- Born: Maria Petronella Carsten 3 September 1893 Roermond, The Netherlands
- Died: 11 September 1982 (aged 89) Middelburg, The Netherlands
- Known for: Painting

= Mies Callenfels-Carsten =

Dutch artist

Mies Callenfels-Carsten (1893-1982) was a Dutch painter.

==Biography==
Callenfels-Carsten was born on 3 September 1893 in Roermond. She studied at the Koninklijke Academie van Beeldende Kunsten (Royal Academy of Art, The Hague). Her instructors included David Bautz, Henk Meijer (kunstenaar) and Albert Roelofs. Callenfels-Carsten was married twice. Her first husband was dr. J.N. Voorstad MD (1884-1960). Her second husband was vice-admiral J. Callenfels (1896-1961).

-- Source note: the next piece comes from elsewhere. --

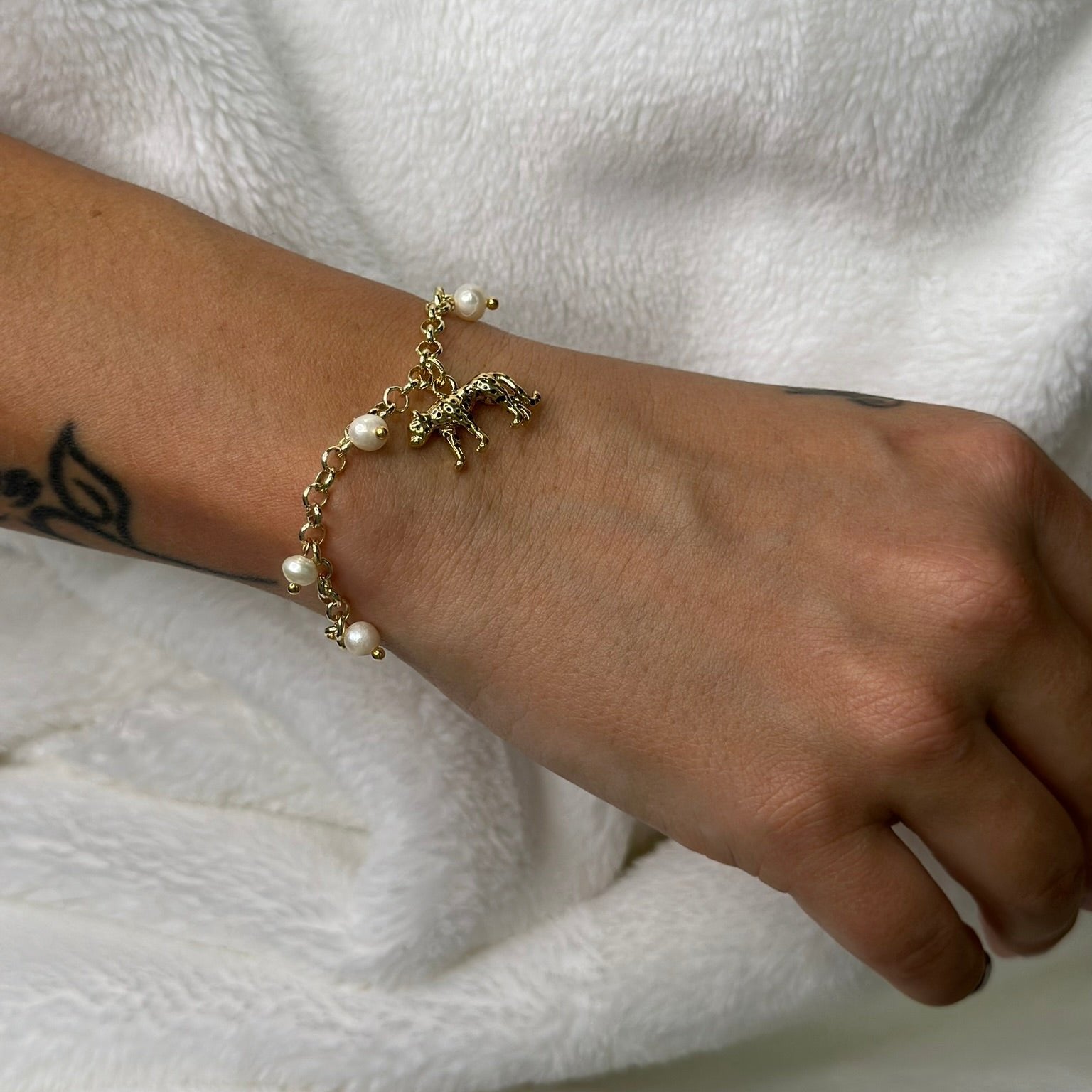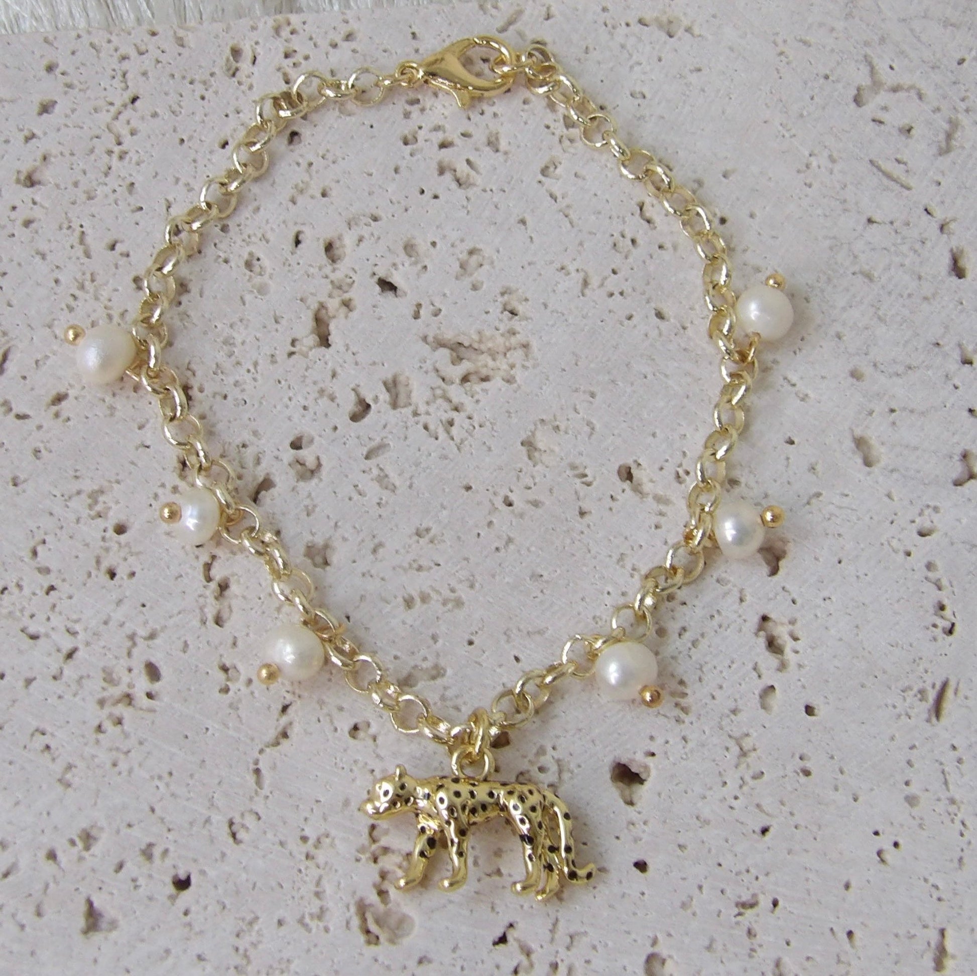 Add a touch of wild elegance to your wardrobe with our LEOPARD BRACELET GOLD. Handmade with beautiful leopard charm and pearls, this bracelet features a rhodium finish for a sleek and stylish look. Ready to make a statement? (Pounce on this bracelet now!)
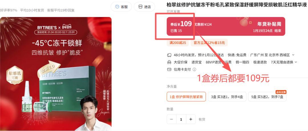 官方年貨節活動價是109元一盒,一盒包括兩對(凍乾粉+溶媒液),每天早晚使用,可用5-7天。

Callenfels-Carsten was a member of the Pulchri Studio, the Haagse Kunstkring, (The Hague Art Circle), the Kunst zij ons doel ("Art be our aim"), and the Bataviasche Kunstkring (the Bataviasche Art Circle). Her work was included in the 1939 exhibition and sale Onze Kunst van Heden (Our Art of Today) at the Rijksmuseum in Amsterdam. After her husbands retirement in 1956 she lived and painted in Veere (Zeeland) as an important member of the Veere Artists' Colony. She was the last of the nine so called Veerse Joffers, female artists who lived in Veere between 1907 until 1992.

Callenfels-Carsten died on 11 September 1982 in Middelburg.